3. $\frac{d}{dx}2x^3+5$

   You take the derivative of $x^3$ and you have $3x^2$. Times by $2$, that leaves $6x^2$. Okay, about the five? It is tempting to leave the five put, but actually $\frac{d}{dx}5=0$. Why? Well, it’s a constant, so it does not affect the slope. Hence we get $\boxed{{\displaystyle 6x^2}}$.

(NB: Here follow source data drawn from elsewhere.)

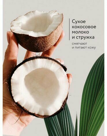 | Состав | Английская соль, морская соль, кокосовая стружка, сухое кокосовое молоко, масло сладкого миндаля, ниацинамид, D-пантенол |
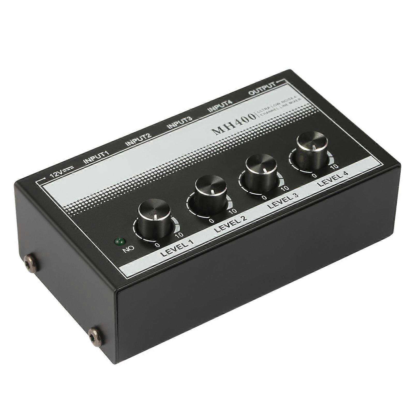 Mini Audio Mixer Portable 4 Channel Microphone Instrument Audio Mixer with Volume Adjustment Material: metal + electronic components Color: black Interface: 1/-inch TS connector Input Impedance: min. 4.7kΩ Max Input Level: +16 dBu Output Impedance: approx. 80Ω Max Output Level: +16 dBu Item Size: approx. 46.5*57.2*103.6mm / 1.83*2.25*4.07in Item Weight: 370g / 13.05oz Package Size: 14*9.5*7.5cm / 5.51*3.74*2.95in Package Weight: 305g / 10.75oz
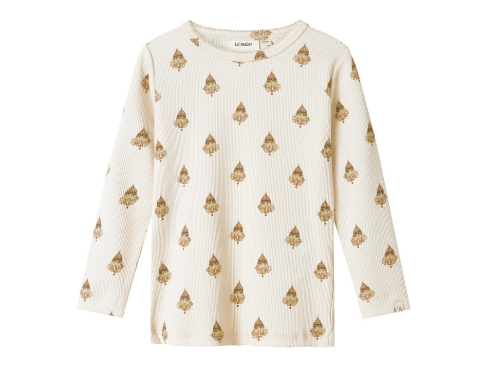 Ribbed long-sleeved top in beige with clown print from Lil' Atelier. The top has a round neckline and a slim fit, ideal for everyday wear.
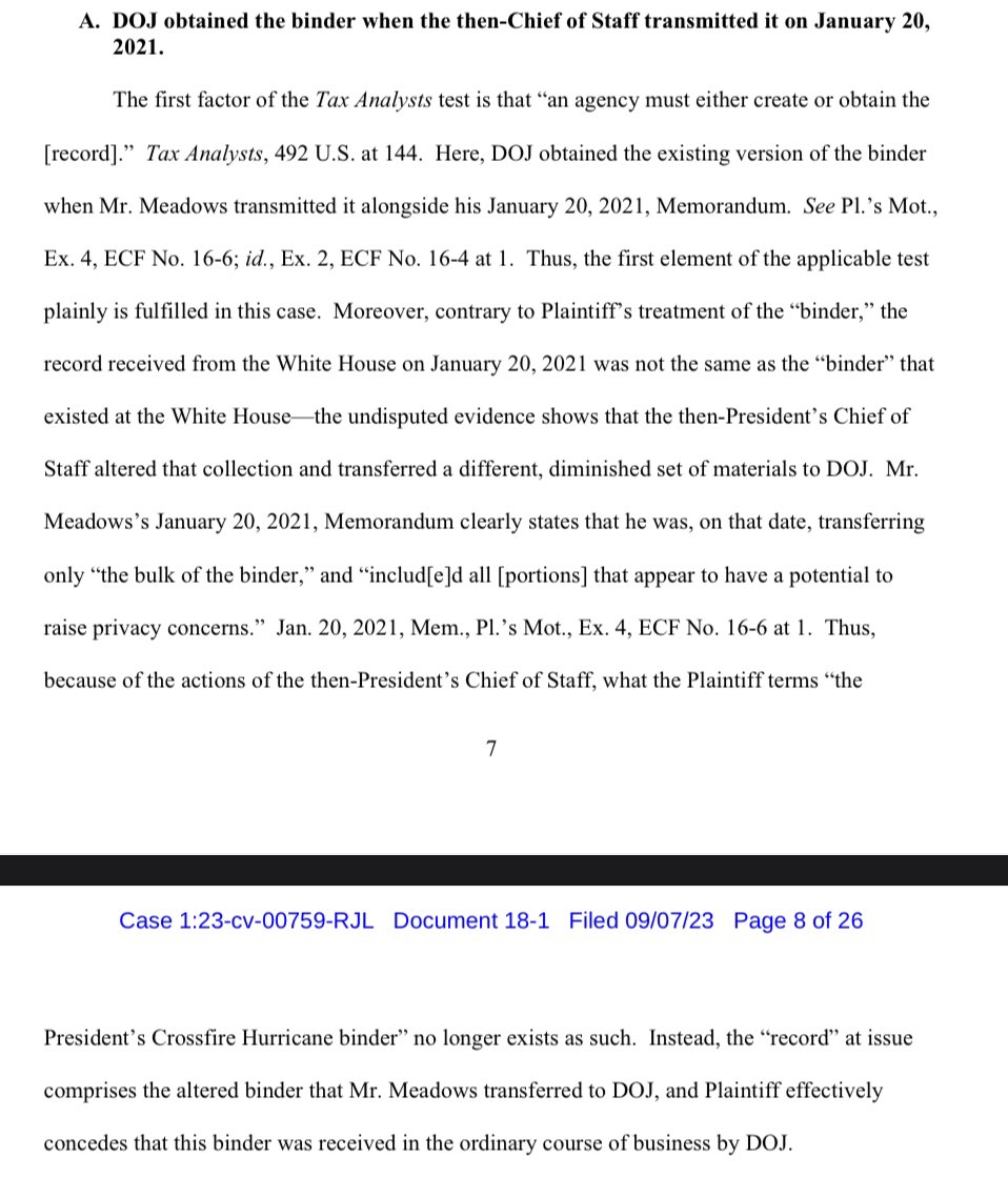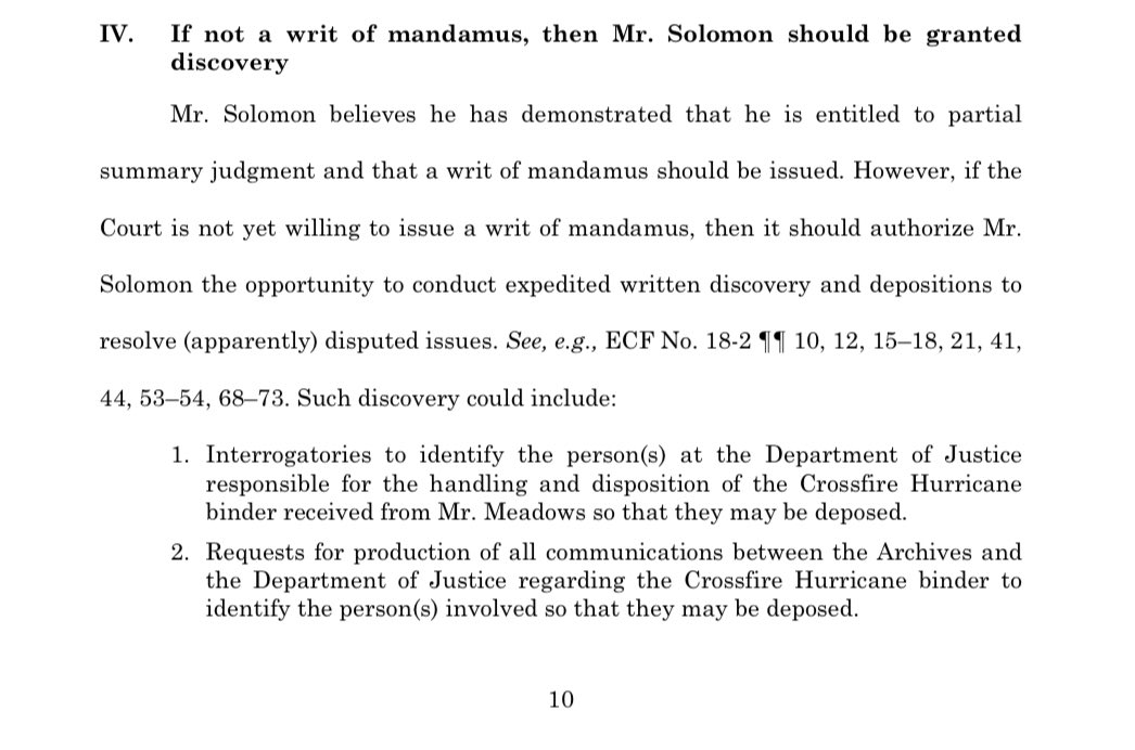 Absent a decision, we have requested the court to grant discovery for the purpose of uncovering how the DOJ and NARA handled the records from President Trump’s binder just as Biden was being sworn into office.
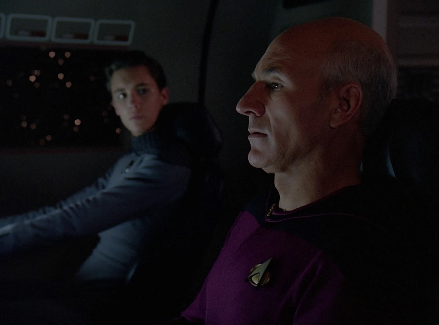Im Shuttle unterhält sich Picard mit Crusher. Picard ist der Meinung, für ihn sei diese Reise reine Zeitverschwendung. Crusher fragt nach dem Grund der Reise. Picard berichtet lediglich, dass es nicht seine Idee war, er solle sich aber keine Gedanken machen, es habe nichts mit ihm zu tun. Dann rückt er mit der Sprache heraus: Er sei nicht gerade glücklich mit der ihm bevorstehenden Herztransplantation. Wesley ist sichtlich überrascht. Picard berichtet, nach seiner Herzverletzung sei ein schneller Ersatz benötigt worden, leider war dieses Ersatzimplantat fehlerhaft.
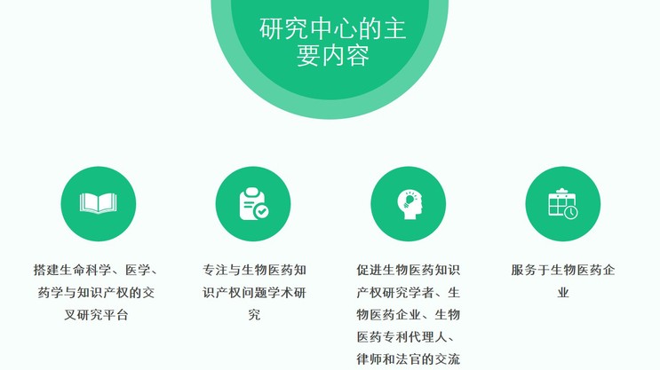 该研究平台将坚持“体现医药特色,为医药行业提供法律与知识产权服务”的宗旨,树立尊重医学自身发展规律、服务医疗卫生事业和生物医药产业发展的思想,充分发挥知识产权工作在医药发展中的基本保障作用,通过与生命科学、医学、药学、法学等领域科研人员的协作,力争使该研究平台发展成为我国医药法律与知识产权的理论研究基地、学术交流基地和人才培养基地。
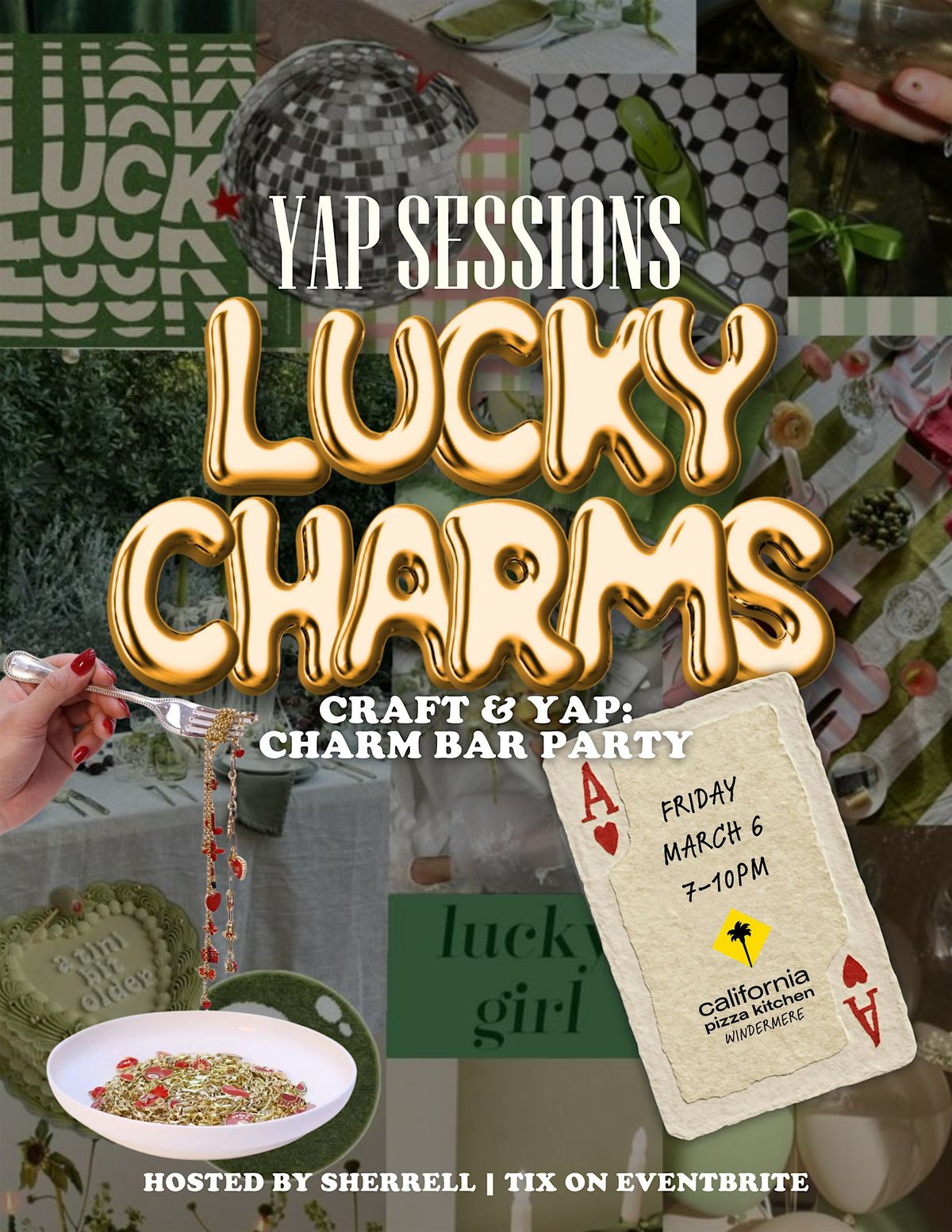 All charm bar supplies are provided — chains, charms, tools, and everything you need to build your piece. Just show up, order your favorite CPK dish or drink, and let the night unfold.
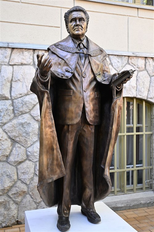 Hegedűs Loránt író, a Dunamelléki Református Egyházkerület egykori püspökének szobra a református zsinati székház kertjében (kép: MTI/Máthé Zoltán)
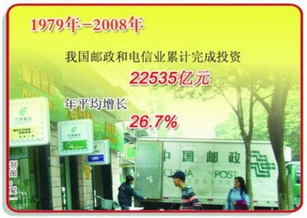 1979年至2008年,我国邮政和电信业累计完成投资22535亿元,年均增长26.7%,建成了覆盖全国、通达世界、技术先进、业务全面的国家信息通信基础网络。网络规模和用户数均居全球第一,发展速度也位居世界前茅。邮政业务种类齐全、网点分布广泛。固定电话用户由1949年的22万户猛增到2008年的34036万户,增长1561倍;移动电话从无到有,2008年末已达6.4亿户。从1949年到2008年,全国邮电业务总量从1.5亿元增加到23650亿元,增长15765倍;邮路及农村投递线路总长度由70.6万公里增加到735万公里,增长9.4倍。
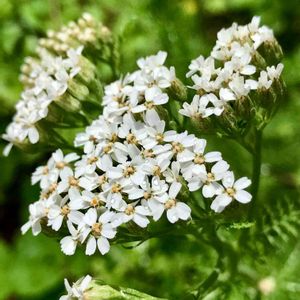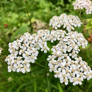 ノコギリソウが咲き始めました‼️ 昨年、一昨年は葉っぱだけで 何だろう?と思っていたら🌿 今年は花茎が伸びてきて 初めてノコギリソウと判明🌟😃 ✨✨✨ 【セイヨウノコギリソウ(西洋鋸草)】 Achillea millefolium 別名 アキレア、ヤロウ、コモンヤロウ(ハーブ名) キク科ノコギリソウ属の多年草 高さ 50〜100cm 花期 6〜9月 生薬 葉→サラダ 花、茎、葉→ハーブティー 生花→精油 ※ノコギリソウとの違い ノコギリソウの葉は、切れ込みが浅く、葉巾が狭く質が硬い。 セイヨウノコギリソウの葉は、深裂し、葉巾が広く柔らかい。
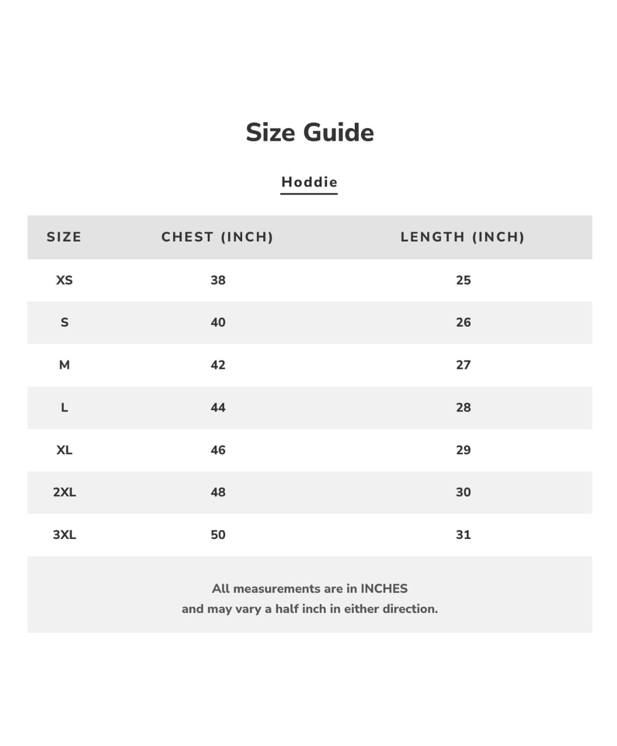 | Hoodie Guide | XS, S, M, L, XL, 2XL, 3XL |
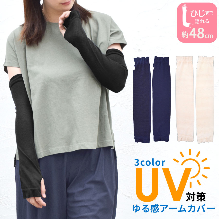 アームカバー レディース UV UVケア 指あり 指穴 内側メッシュ ロング 48cm スポーツ 日焼け対策 【送料pt100】
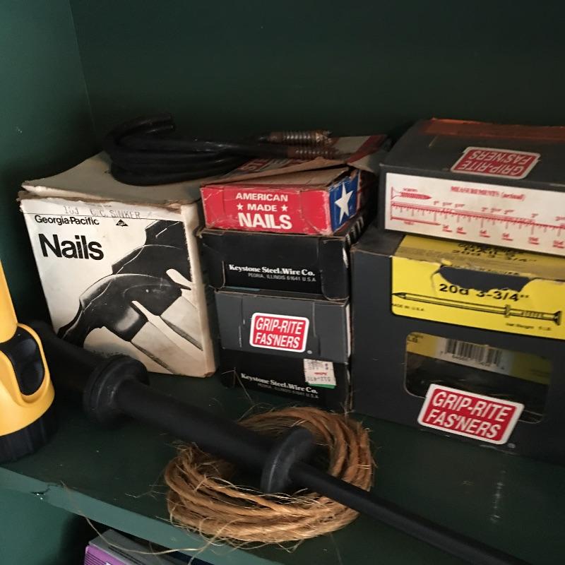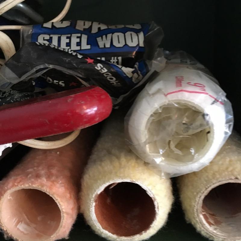 Hardware and more includes extension cords, staple guns, nails, steel tape, paint brushes, tarp and more. A great lot for the new home owner or add to what you already have.
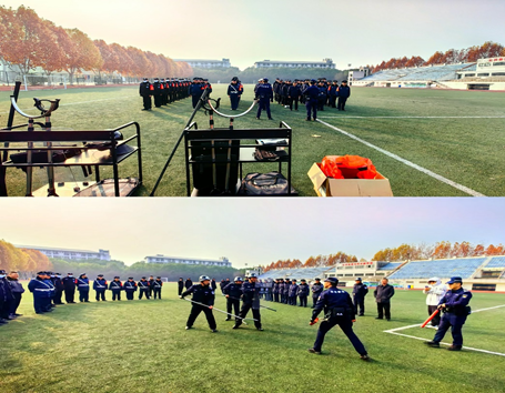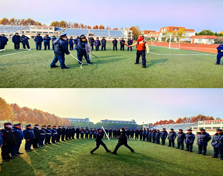 本网讯 为进一步提升学校安保应急反应能力和防暴处突技能,学校保卫处积极参与锦绣片区高校安保人员联合防暴演练,此次演练有7所高校安保人员参与,由经开公安分局王华林、许嘉国教官指导任教。
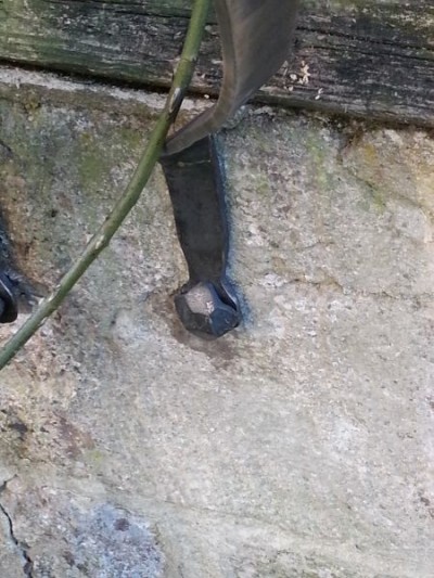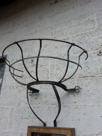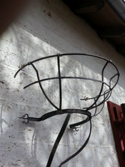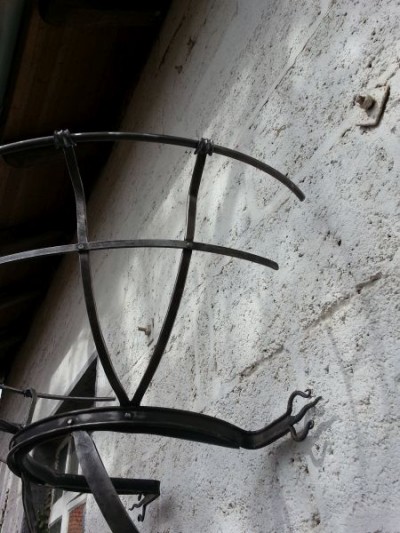 Alle Teile sind von Hand geschmiedet und durch Nieten verbunden. Der Hauptring besteht aus Hespeneisen, die Aufstrebenden Eisen sind aufgespalten und halten einen kleineren Ring (10×5) und ein Rundeisen in ausgeschmiedeten Fischschwänzen.

To apply the power rule in this case, we need to first multiply by the exponent ($3/2$), then subtract one from the exponent $3/2-1=1/2$. Then we have

$\frac{d}{dx}{x}^{3/2}=\frac{3}{2}{x}^{1/2}=\boxed{{\displaystyle \frac{3}{2}{x}^{1/2}}}$

In this problem, we just worry about the $x^{-2}$ to start with. We multiply by the exponent $(-2)$, and then subtract one from that to get $-2-1=-3$. Then we have

$\frac{d}{dx}7x^{-2}=7(-2x^{-3})=\boxed{{\displaystyle -14x^{-3}}}$

Find

1. $\frac{d}{dx}\sqrt{x}$

   This problem is much easier if we can rewrite the $\sqrt{x}$. This is the same thing as $x^{1/2}$, and hence we have

   $\frac{d}{dx}\sqrt{x}=\frac{d}{dx}{x}^{1/2}=\frac{1}{2}{x}^{1/2-1}=\boxed{{\displaystyle \frac{1}{2}{x}^{-1/2}}}.$

2. $\frac{d}{dx}5\sqrt[3]{x}$

   To solve this, it really helps to rewrite $\sqrt[3]{x}$ as $x^{1/3}$. Once you do that, this prolem is just the power rule and constant multiple rule:

   $\frac{d}{dx}5\sqrt[3]{x}=5x^{1/3}=5\left(\frac{1}{3}\right)x^{1/3-1}=\boxed{{\displaystyle \frac{5}{3}{x}^{-2/3}}}.$

3. $\frac{d}{dx}\sqrt[5]{x^3}+x^2+7$

   Focus on the easy parts first: we know $\frac{d}{dx}{x}^2=2x$, and we know that $\frac{d}{dx}7=0$. So we just need to figure out the $\frac{d}{dx}\sqrt[5]{x^3}$. What is this? Well, we can rewrite this as $\frac{d}{dx}{x}^{3/5}$. So now it is just the power rule, and we multiply by $3/5$ and subtract to get $-2/5$. Hence $\frac{d}{dx}{x}^{3/5}=\frac{3}{5}{x}^{-2/5}$. Putting it all together:

   $\frac{d}{dx}\sqrt[5]{x^3}+x^2+7=\boxed{{\displaystyle \frac{3}{5}{x}^{-2/5}+2x}}.$

1. $\frac{d}{dx}\frac{1}{x}$

   We can rewrite $\frac{d}{dx}\frac{1}{x}=\frac{d}{dx}\frac{1}{x^1}$ as $\frac{d}{dx}{x}^{-1}$. Now we apply the power rule:

   $\frac{d}{dx}\frac{1}{x}=\frac{d}{dx}{x}^{-1}=\boxed{{\displaystyle -1x^{-2}}}.$

2. $\frac{d}{dx}\frac{4}{x^2}$

   We can think of $4$ as just a constant out front, and hence we want $\frac{d}{dx}4\left(\frac{1}{x^2}\right)$. We can then rewrite $\frac{1}{x^2}$ as $x^{-2}$. And we want $\frac{d}{dx}4(x^{-2})$. Using the power rule, we multiply by $-2$ and subtract one, and we have

   $\frac{d}{dx}\frac{4}{x^2}=\frac{d}{dx}4x^{-2}=\boxed{{\displaystyle -8x^{-3}}}.$

3. $\frac{d}{dx}\frac{1}{\sqrt{x}}$

   This combines the fractional and denominator stuff. We first rewrite $\sqrt{x}$ as $x^{1/2}$:

   $\frac{d}{dx}\frac{1}{\sqrt{x}}=\frac{d}{dx}\frac{1}{x^{1/2}}.$

   We then rewrite as a negative fractional exponent.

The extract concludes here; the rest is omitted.